On July 24 and Aug. 8, the Lake County Planning Commission discussed the project over the course of two meetings. In the July meeting, officials, local community leaders and residents were mostly critical, raising concerns over wildfire risks and high-density workforce housing.
Before the commission’s second meeting, some commissioners and community representatives toured the site during visits organized by the developer, as they disclosed.
Later, the August meeting showed shifted community attitudes and mostly support. Ultimately, the commission recommended to the Board of Supervisors that it approve most requests by the project applicant.
After three hours of presentations, public comment and board deliberations, the Board of Supervisors unanimously approved the project’s updated environmental impact report, or EIR, along with all permits and amendment requests.
Those approvals included zoning changes to create a new district for mixed-use development, and rezoning part of the Santa Clara site from single-family to two-family residential — a higher density change that the Planning Commission deadlocked on in its August 8 meeting, resulting in an automatic denial and appeal to the board.
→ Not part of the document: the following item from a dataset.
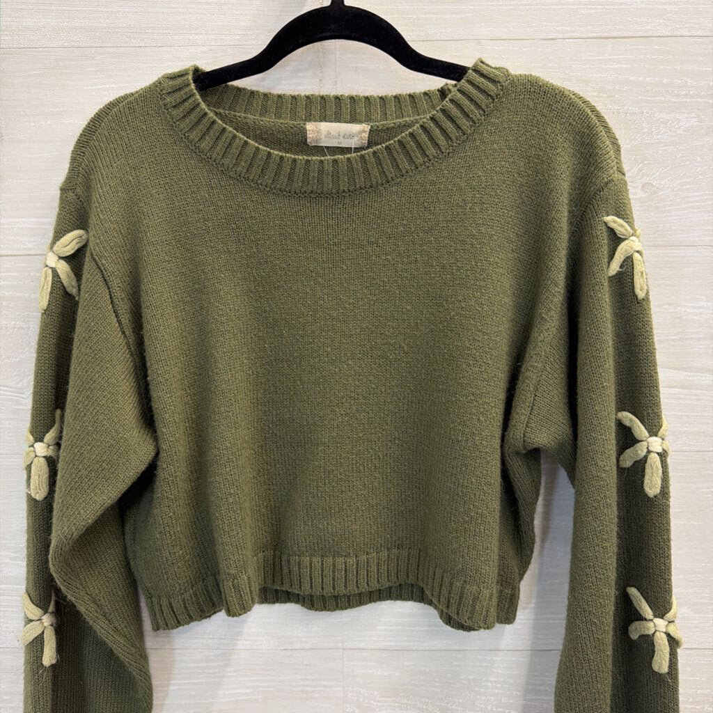 Altar'd State Green/ Cream Sleeve Detail Cropped Sweater Top Medium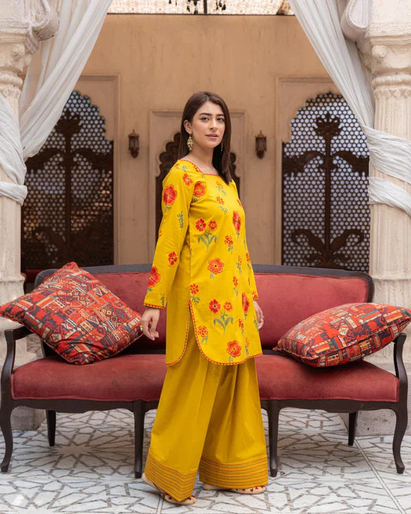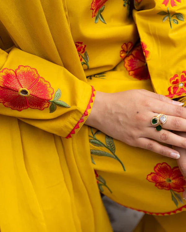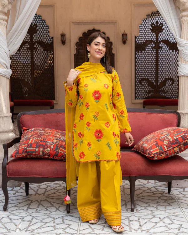 Mustard Bloom is a vibrant 3-piece stitched ensemble in rich mustard yellow, featuring delicate red and green floral embroidery that evokes the freshness of spring. The straight-cut kurta is paired with a classic Farshi shalwar adorned with subtle threadwork, while a light chiffon dupatta with playful tassels completes the look. Perfect for festive brunches, daytime gatherings, and summer celebrations, this outfit blends traditional charm with effortless elegance.

The Guenoc Valley Mixed Use Planned Development Project is a luxury destination that at full buildout will include up to 400 hotel rooms, 450 resort residential units, 1,400 residential estates and 500 workforce co-housing units on a portion of the 16,000-acre, 82-parcel Guenoc property.
The project applicant is San Francisco-based Lotusland Investment Holdings. Its owner, Chinese developer Yiming Xu, immigrated from China to Canada in 1996. Since the early 2000s, he has been involved in various real estate and luxury resort developments in China. Xu has owned the property since 2016.
According to the project’s official website, the Guenoc Valley project development is led by Lotusland’s developing partners, Jonathan Breene and Adrian Zecha of Mahaman, as well as Yiming Xu’s son, Alex Xu.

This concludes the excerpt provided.